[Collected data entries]
"""

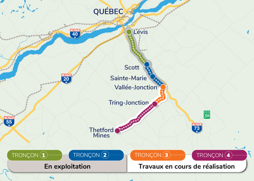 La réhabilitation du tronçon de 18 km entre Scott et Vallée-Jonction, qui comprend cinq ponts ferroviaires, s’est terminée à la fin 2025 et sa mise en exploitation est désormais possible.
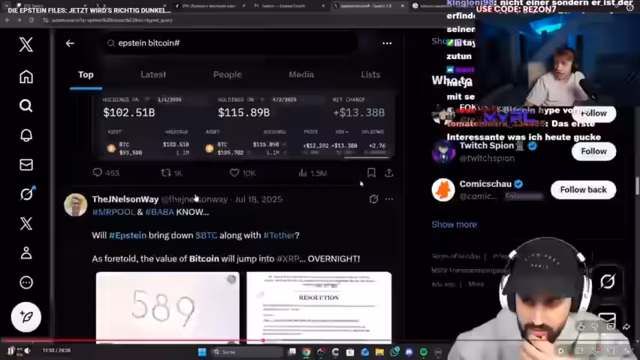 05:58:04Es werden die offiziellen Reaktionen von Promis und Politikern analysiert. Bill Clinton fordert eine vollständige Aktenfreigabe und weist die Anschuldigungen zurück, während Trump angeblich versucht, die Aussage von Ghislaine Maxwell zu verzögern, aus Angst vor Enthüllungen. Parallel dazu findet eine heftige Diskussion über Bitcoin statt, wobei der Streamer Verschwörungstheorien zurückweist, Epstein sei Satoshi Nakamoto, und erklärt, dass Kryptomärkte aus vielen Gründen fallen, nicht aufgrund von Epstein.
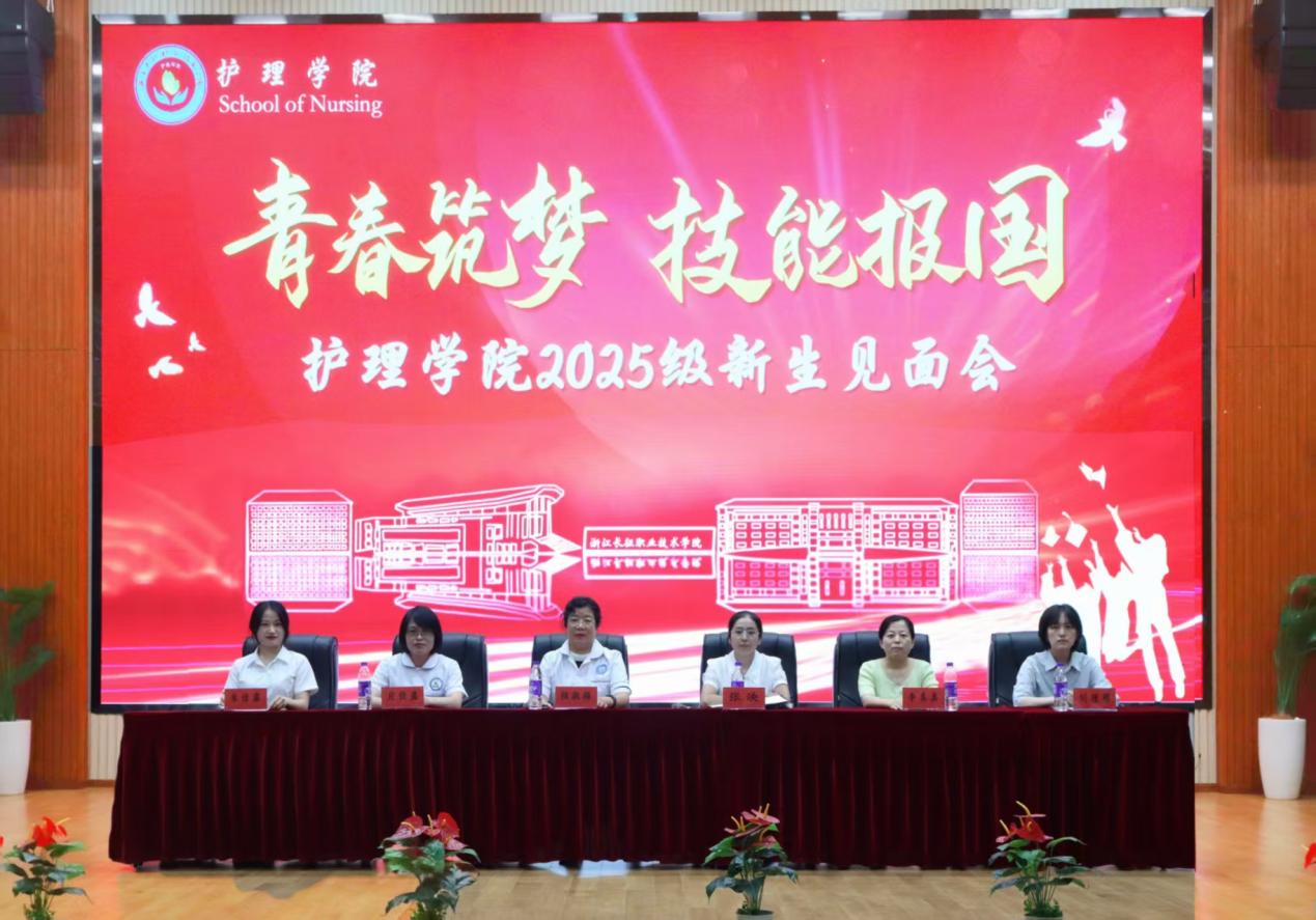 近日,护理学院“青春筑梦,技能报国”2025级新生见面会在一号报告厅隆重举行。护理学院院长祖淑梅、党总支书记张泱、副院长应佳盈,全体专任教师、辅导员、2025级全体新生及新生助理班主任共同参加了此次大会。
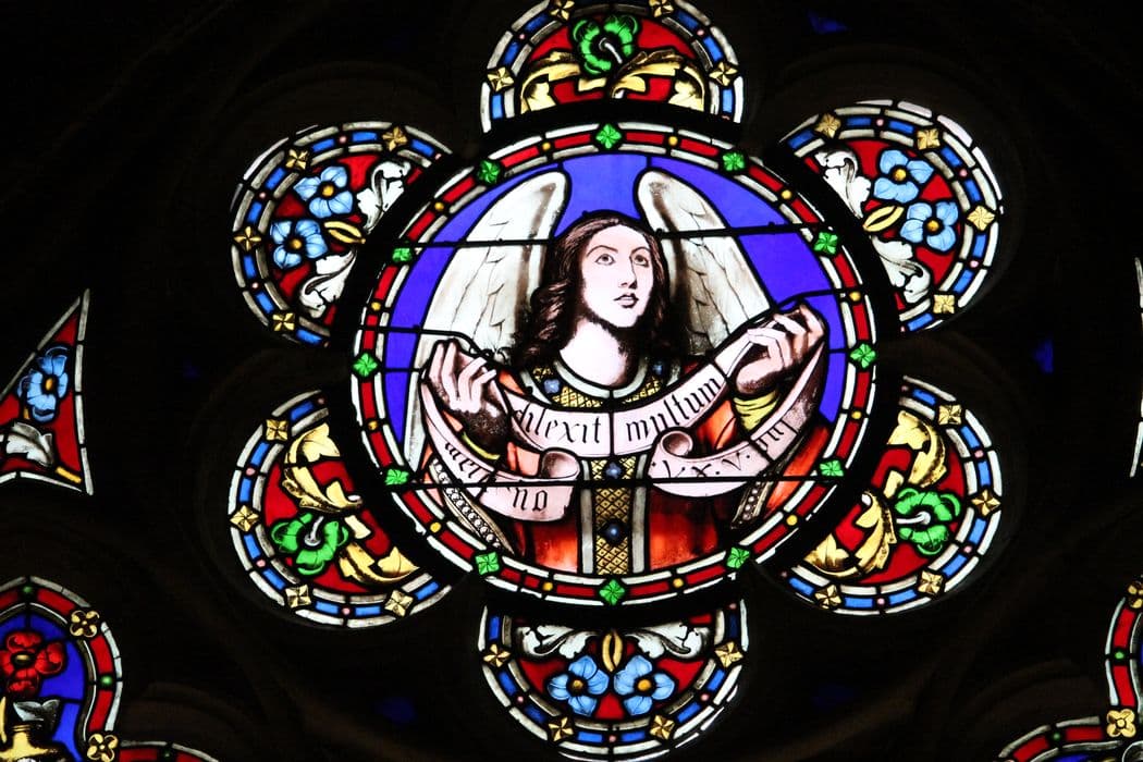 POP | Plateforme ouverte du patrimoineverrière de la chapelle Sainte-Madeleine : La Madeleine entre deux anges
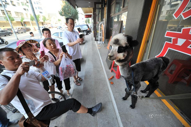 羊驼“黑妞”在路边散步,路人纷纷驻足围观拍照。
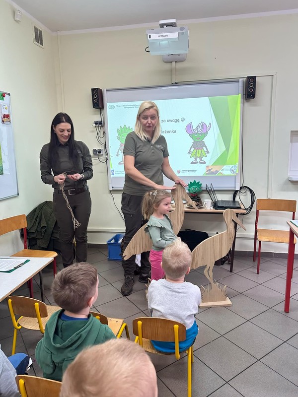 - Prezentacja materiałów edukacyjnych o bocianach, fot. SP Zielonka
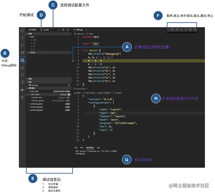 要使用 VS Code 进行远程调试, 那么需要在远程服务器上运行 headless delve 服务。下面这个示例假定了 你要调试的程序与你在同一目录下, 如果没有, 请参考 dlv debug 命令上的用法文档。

"""

Every line of the data above is to be set down word for word, with the pictures left out.

 La réhabilitation du tronçon de 18 km entre Scott et Vallée-Jonction, qui comprend cinq ponts ferroviaires, s’est terminée à la fin 2025 et sa mise en exploitation est désormais possible.
 05:58:04Es werden die offiziellen Reaktionen von Promis und Politikern analysiert. Bill Clinton fordert eine vollständige Aktenfreigabe und weist die Anschuldigungen zurück, während Trump angeblich versucht, die Aussage von Ghislaine Maxwell zu verzögern, aus Angst vor Enthüllungen. Parallel dazu findet eine heftige Diskussion über Bitcoin statt, wobei der Streamer Verschwörungstheorien zurückweist, Epstein sei Satoshi Nakamoto, und erklärt, dass Kryptomärkte aus vielen Gründen fallen, nicht aufgrund von Epstein.
 近日,护理学院“青春筑梦,技能报国”2025级新生见面会在一号报告厅隆重举行。护理学院院长祖淑梅、党总支书记张泱、副院长应佳盈,全体专任教师、辅导员、2025级全体新生及新生助理班主任共同参加了此次大会。
 POP | Plateforme ouverte du patrimoineverrière de la chapelle Sainte-Madeleine : La Madeleine entre deux anges
 羊驼“黑妞”在路边散步,路人纷纷驻足围观拍照。
 - Prezentacja materiałów edukacyjnych o bocianach, fot. SP Zielonka
 要使用 VS Code 进行远程调试, 那么需要在远程服务器上运行 headless delve 服务。下面这个示例假定了 你要调试的程序与你在同一目录下, 如果没有, 请参考 dlv debug 命令上的用法文档。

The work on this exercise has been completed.